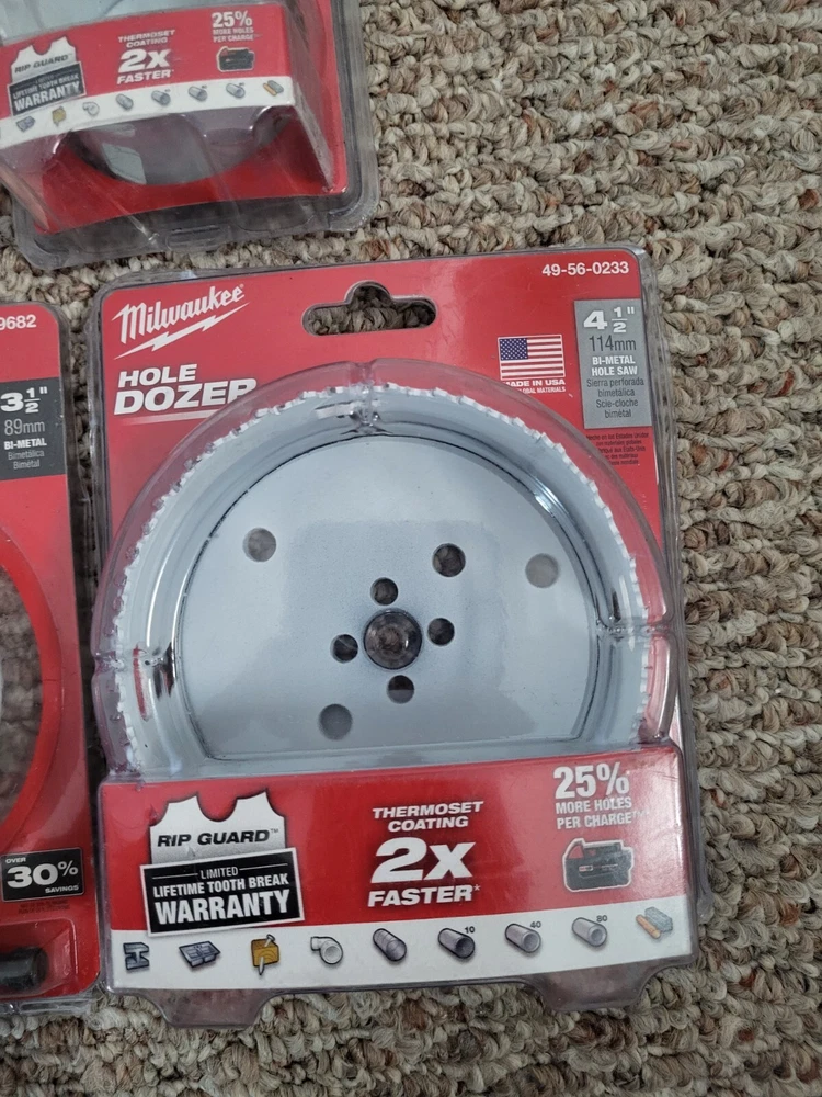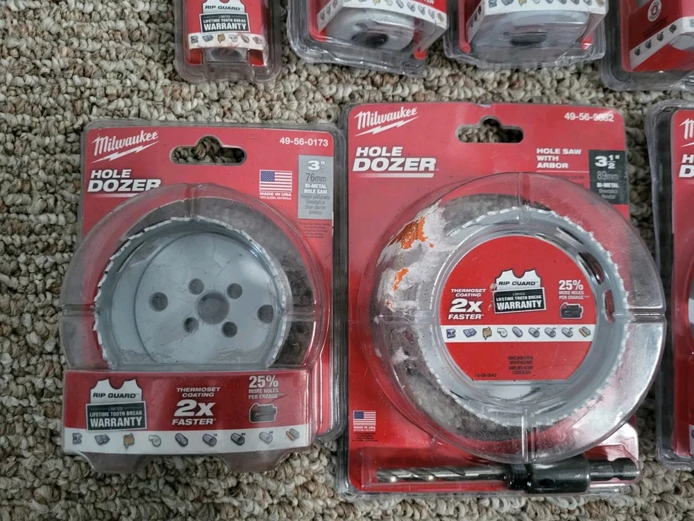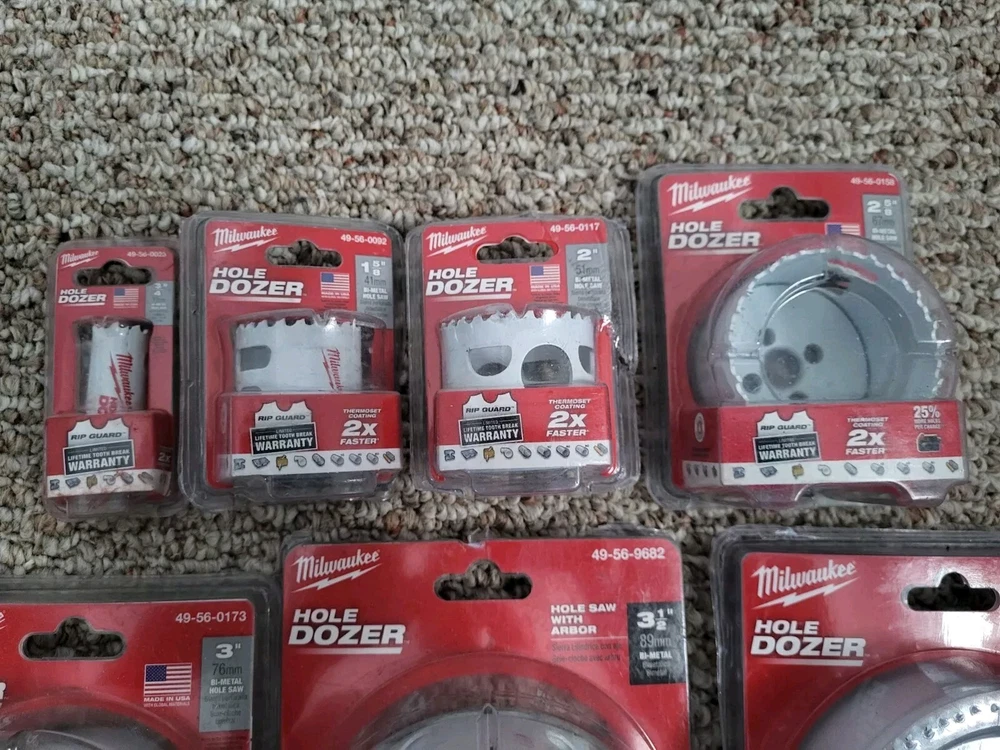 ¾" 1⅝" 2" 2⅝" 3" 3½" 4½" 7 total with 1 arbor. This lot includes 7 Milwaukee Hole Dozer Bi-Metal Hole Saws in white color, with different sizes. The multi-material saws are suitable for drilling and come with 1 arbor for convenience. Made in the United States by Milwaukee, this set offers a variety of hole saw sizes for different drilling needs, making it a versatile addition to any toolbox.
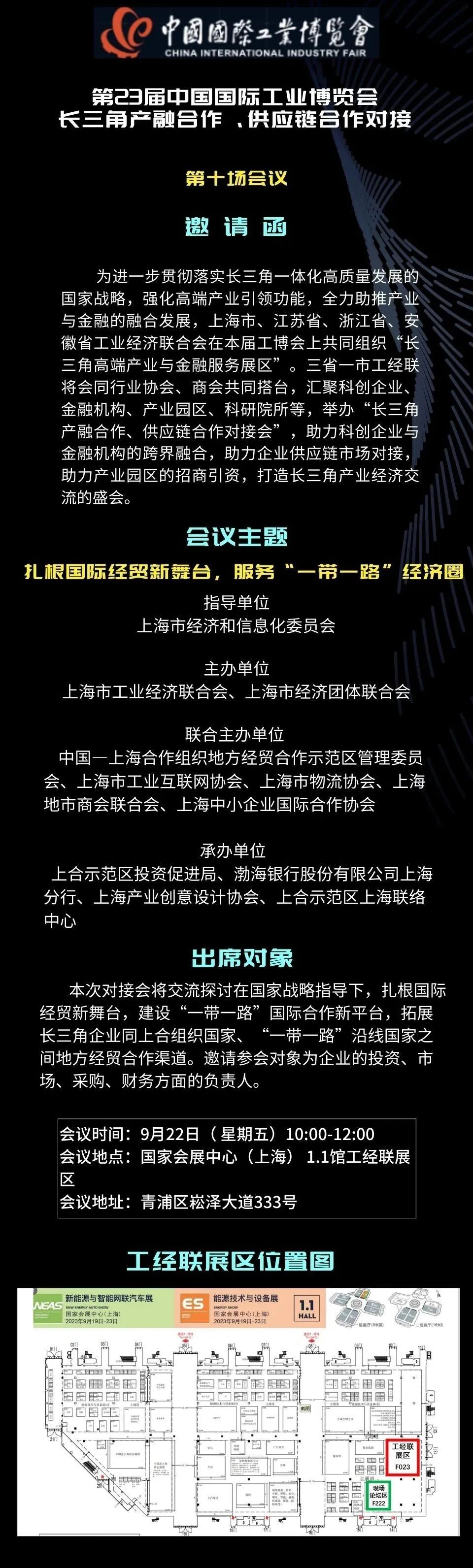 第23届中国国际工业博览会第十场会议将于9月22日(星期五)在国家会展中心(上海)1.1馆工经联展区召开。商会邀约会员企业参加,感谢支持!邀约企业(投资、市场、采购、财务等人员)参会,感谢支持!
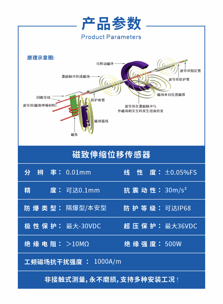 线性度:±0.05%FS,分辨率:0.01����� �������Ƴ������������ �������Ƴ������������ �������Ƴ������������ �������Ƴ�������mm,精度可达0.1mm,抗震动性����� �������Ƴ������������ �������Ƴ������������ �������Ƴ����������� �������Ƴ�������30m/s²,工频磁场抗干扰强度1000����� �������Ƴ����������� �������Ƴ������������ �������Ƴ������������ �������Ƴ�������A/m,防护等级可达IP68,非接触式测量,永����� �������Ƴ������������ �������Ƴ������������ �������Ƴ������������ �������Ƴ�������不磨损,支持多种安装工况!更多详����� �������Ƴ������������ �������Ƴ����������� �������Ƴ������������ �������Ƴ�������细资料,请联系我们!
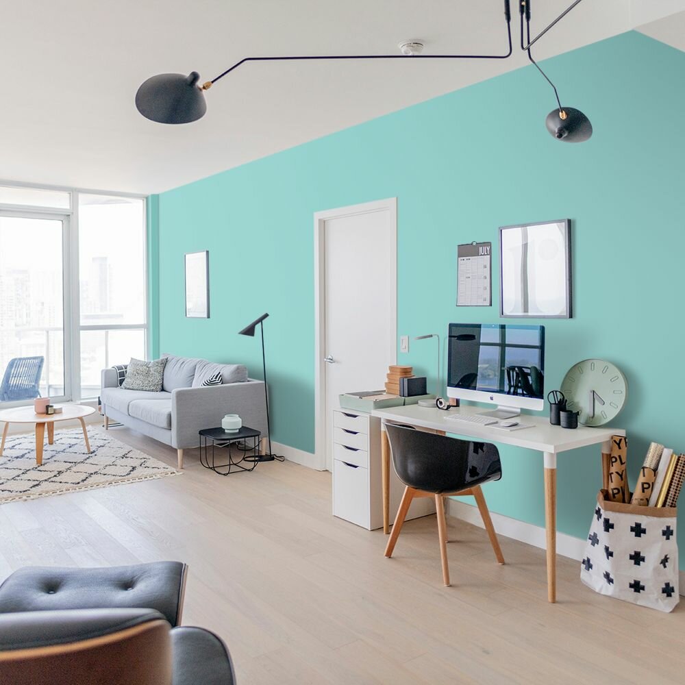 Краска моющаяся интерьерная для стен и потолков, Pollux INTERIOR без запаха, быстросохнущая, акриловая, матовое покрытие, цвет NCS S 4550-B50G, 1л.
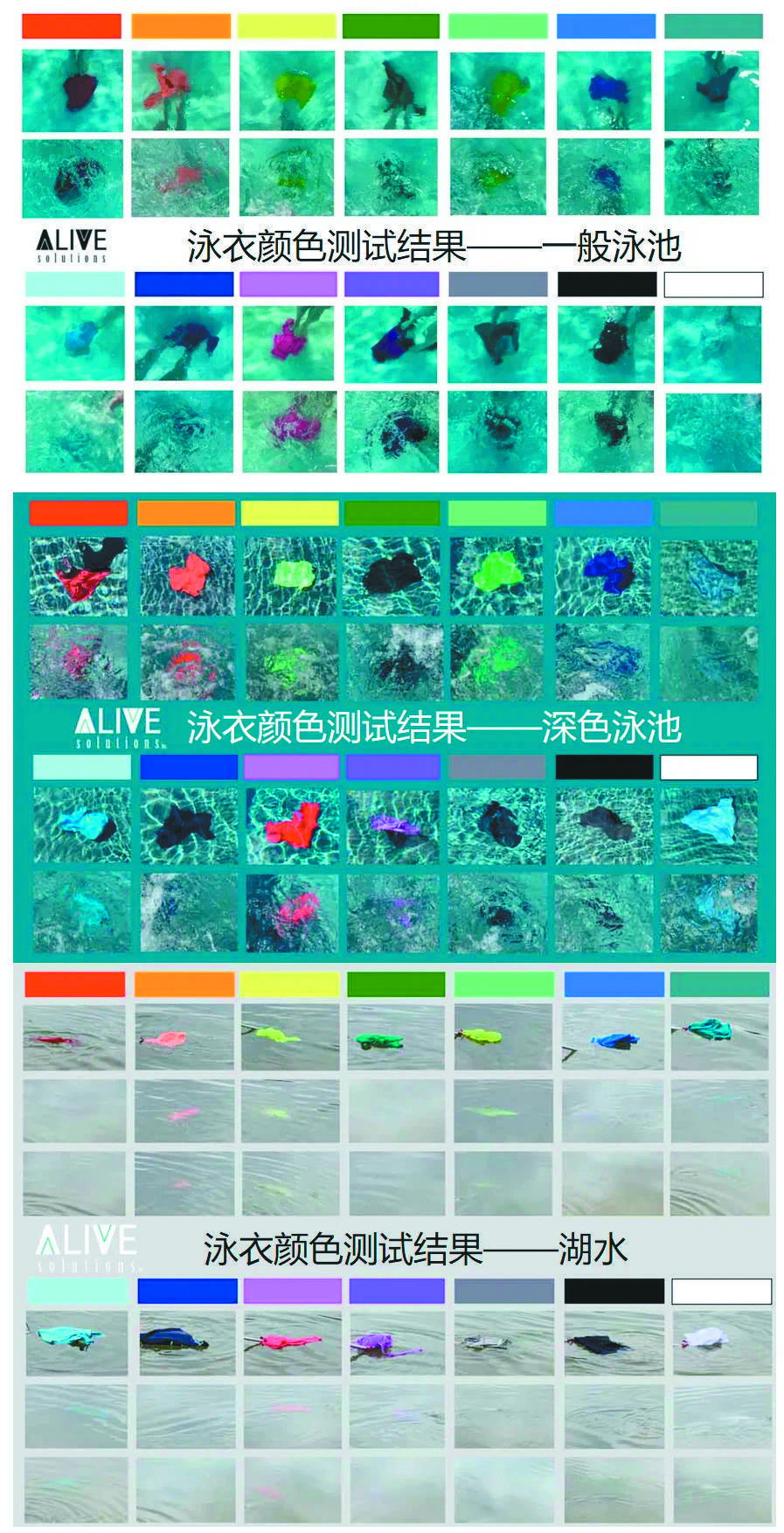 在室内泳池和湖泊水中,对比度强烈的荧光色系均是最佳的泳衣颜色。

Assigned task — Each record, word for word, should be printed again without its pictures.

Result —
 ¾" 1⅝" 2" 2⅝" 3" 3½" 4½" 7 total with 1 arbor. This lot includes 7 Milwaukee Hole Dozer Bi-Metal Hole Saws in white color, with different sizes. The multi-material saws are suitable for drilling and come with 1 arbor for convenience. Made in the United States by Milwaukee, this set offers a variety of hole saw sizes for different drilling needs, making it a versatile addition to any toolbox.
 第23届中国国际工业博览会第十场会议将于9月22日(星期五)在国家会展中心(上海)1.1馆工经联展区召开。商会邀约会员企业参加,感谢支持!邀约企业(投资、市场、采购、财务等人员)参会,感谢支持!
 线性度:±0.05%FS,分辨率:0.01����� �������Ƴ������������ �������Ƴ������������ �������Ƴ������������ �������Ƴ�������mm,精度可达0.1mm,抗震动性����� �������Ƴ������������ �������Ƴ������������ �������Ƴ����������� �������Ƴ�������30m/s²,工频磁场抗干扰强度1000����� �������Ƴ����������� �������Ƴ������������ �������Ƴ������������ �������Ƴ�������A/m,防护等级可达IP68,非接触式测量,永����� �������Ƴ������������ �������Ƴ������������ �������Ƴ������������ �������Ƴ�������不磨损,支持多种安装工况!更多详����� �������Ƴ������������ �������Ƴ����������� �������Ƴ������������ �������Ƴ�������细资料,请联系我们!
 Краска моющаяся интерьерная для стен и потолков, Pollux INTERIOR без запаха, быстросохнущая, акриловая, матовое покрытие, цвет NCS S 4550-B50G, 1л.
 在室内泳池和湖泊水中,对比度强烈的荧光色系均是最佳的泳衣颜色。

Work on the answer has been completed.